━━━━━ INFORMATION SUPPLIED ━━━━━

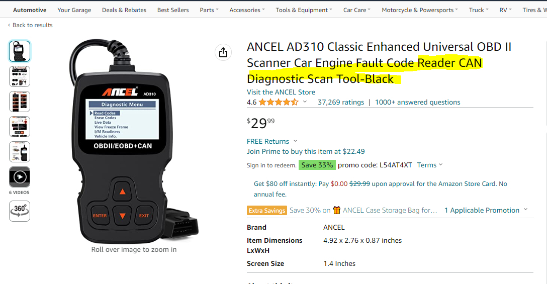 Also, if we have an ABS light, it could be any of the wheel speed sensors. As far as a scan tool, you can get them for not too much money. I attached a pic below to show you. That is from Amazon. What it is capable of I can't say, but it indicates CAN capabilities. And yes, our scanner cost $5,000.00, but it does everything except wash the windows. LOL
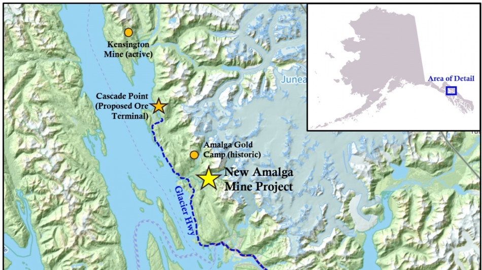The New Amalga Gold Project is located only 25km from Alaska's capital city of Juneau and 6km from paved highway. The resource remains open to expansion in multiple directions and hosts an Indicated Resource of 1,438,500 ounces of gold at an average grade of 9.47 g/t Au (4,726,000 tonnes) and an Inferred Resource of 515,700 ounces of gold at an average grade of 8.85 g/t Au (1,813,000 tonnes).
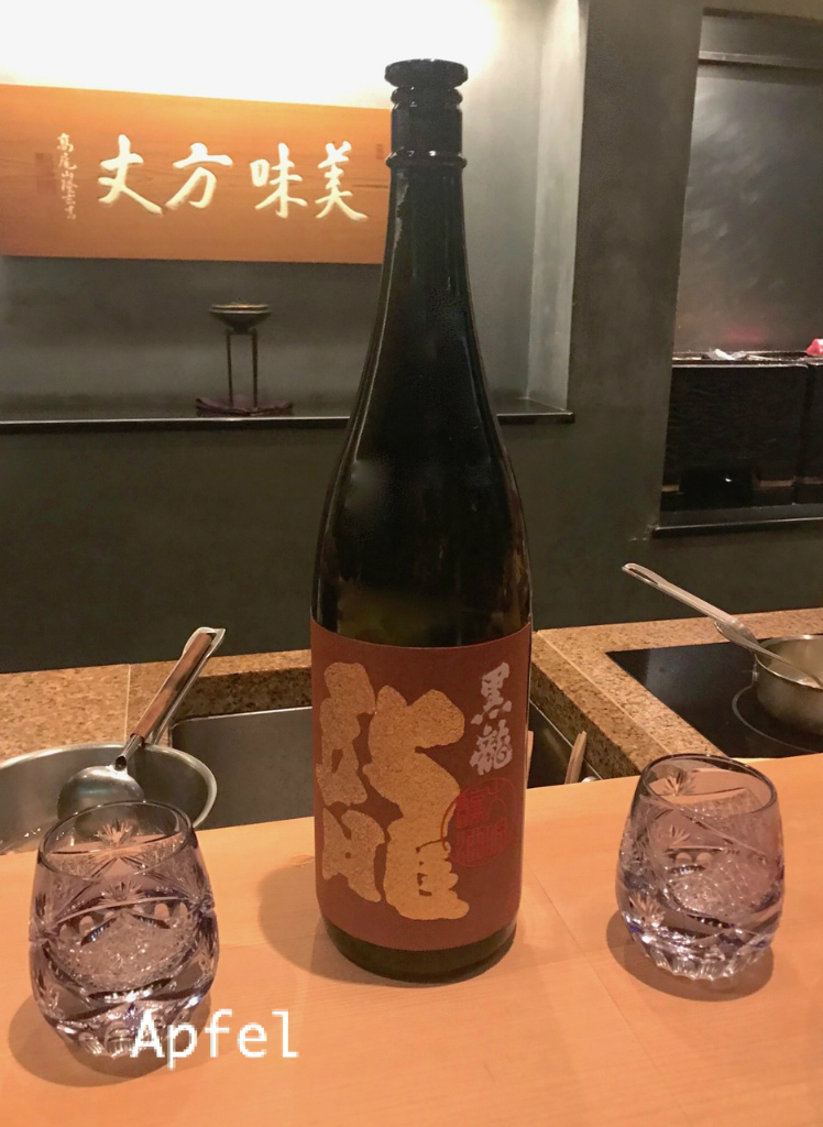 まずは大好きな日本酒、「黒龍」を美しいグラスで。

━━━━━

[WHAT THE TASK ASKS]
All of the data above should be printed again exactly, though none of the pictures belong in the copy.

[ANSWER BOX]
 Also, if we have an ABS light, it could be any of the wheel speed sensors. As far as a scan tool, you can get them for not too much money. I attached a pic below to show you. That is from Amazon. What it is capable of I can't say, but it indicates CAN capabilities. And yes, our scanner cost $5,000.00, but it does everything except wash the windows. LOL
The New Amalga Gold Project is located only 25km from Alaska's capital city of Juneau and 6km from paved highway. The resource remains open to expansion in multiple directions and hosts an Indicated Resource of 1,438,500 ounces of gold at an average grade of 9.47 g/t Au (4,726,000 tonnes) and an Inferred Resource of 515,700 ounces of gold at an average grade of 8.85 g/t Au (1,813,000 tonnes).
 まずは大好きな日本酒、「黒龍」を美しいグラスで。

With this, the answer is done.